É certo que "Fight
Club" não pde deixar de provocar uma certa desilusão.
Sobretudo, e esse foi o maior pecado apontado por alguns espectadores,
porque a parte final do filme encaminha-o para um desenlace suavizante,
quase medroso, como se realizador, produtores e argumentista
receassem as consequências de um discurso sobre a violência
que a exibisse sem a interpretar e a sublimar.
Também não é dificícil concordar
que o filme possui demasiada informação para o
formato típico de Hollywood (não que isso seja
um defeito, pelo contrário, há cineastas que não
se inibem em alongar a duração do filme, sem com
isso afugentar espectadores, como acontece, por exemplo, com
Scorcese ou James Cameron).
Ou seja: "Fight Club" não é um filme
sem mácula, e este texto não pretende justificar
eventuais fraquezas. Pretende apenas, partindo dele, pôr
a nu aquilo que parecem ser dois problemas da crítica
cinematográfica em geral, e da portuguesa em particular:
em primeiro lugar, a tendência para moralizar o juízo
crítico; em segundo lugar, a incapacidade de, muitas vezes,
ligar os objectos cinematográficos com as marcas do seu
tempo. Não podendo expor todos os argumentos em tão
curto espaço, aqui ficam algumas ideias sobre estes dois
pontos.
Há naturalmente um espaço para a avaliação
moral de uma obra de arte, e a crítica, enquanto manifesto
livre da opinião, assente apenas e necessariamente sobre
a argumentação e a retórica, tem todo o
direito a emitir juízos de valor. Aquilo que se apresenta
como pouco aceitável é que, por vezes, esse seja
o critério primordial e condutor. Vem isto a propósito
das acusações de fascismo com que alguns críticos
e analistas se referiram ao filme de David Fincher. Ora, "Fight
Club" não é um filme inocente, decerto nunca
o pretendeu ser e dificilmente o conseguiria ser.
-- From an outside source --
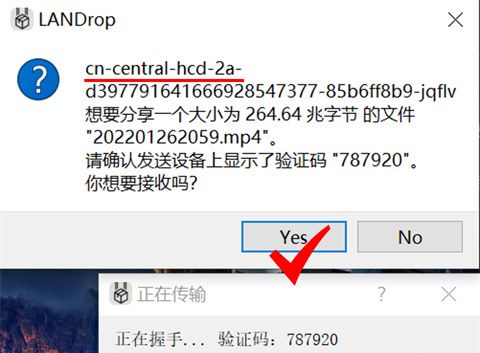 3、之后我们的电脑上就会出现一个弹窗,点击“Yes”,它就会自动进行传输。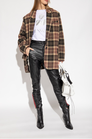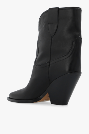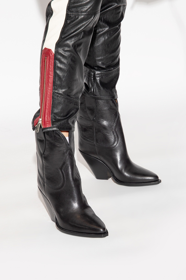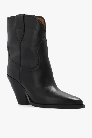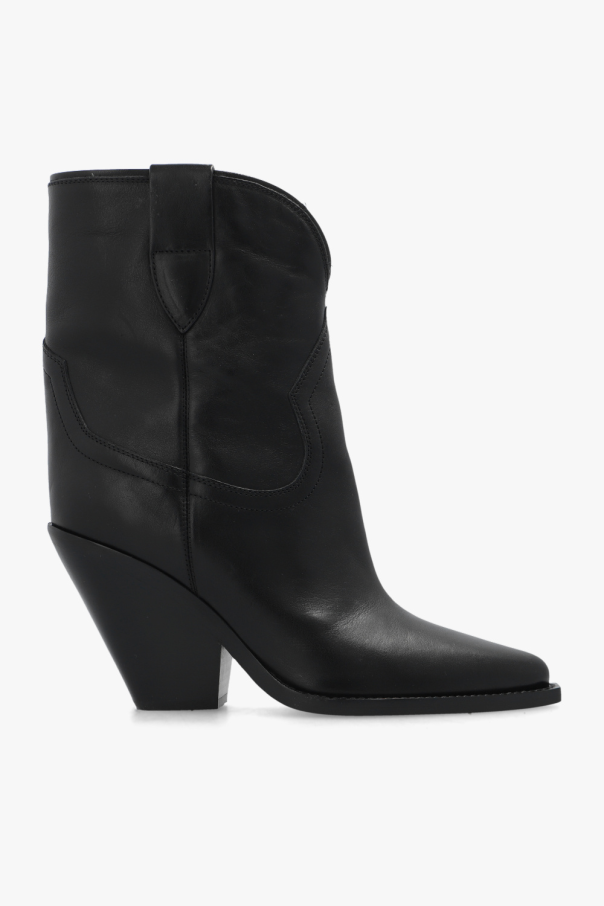 Black ‘Leyane’ heeled ankle boots from Isabel Marant. Crafted from leather with a slip-on silhouette, this model sits on a beige leather sole and features decorative stitching details.

O que acontece
é que, por não ser um filme de mensagem explícita,
suscita obrigatoriamente diversos níveis e esforços
de leitura, e qualquer catalogação ou qualquer
etiqueta não só se tornam perigosas como insuficientes
e até abusivas. Aliás, estranho é que um
filme que tão frontal e tão visceralmente questiona
o espaço social, as condições de cidadania
e o ideário da nossa época tenha provocado tão
pouca controvérsia.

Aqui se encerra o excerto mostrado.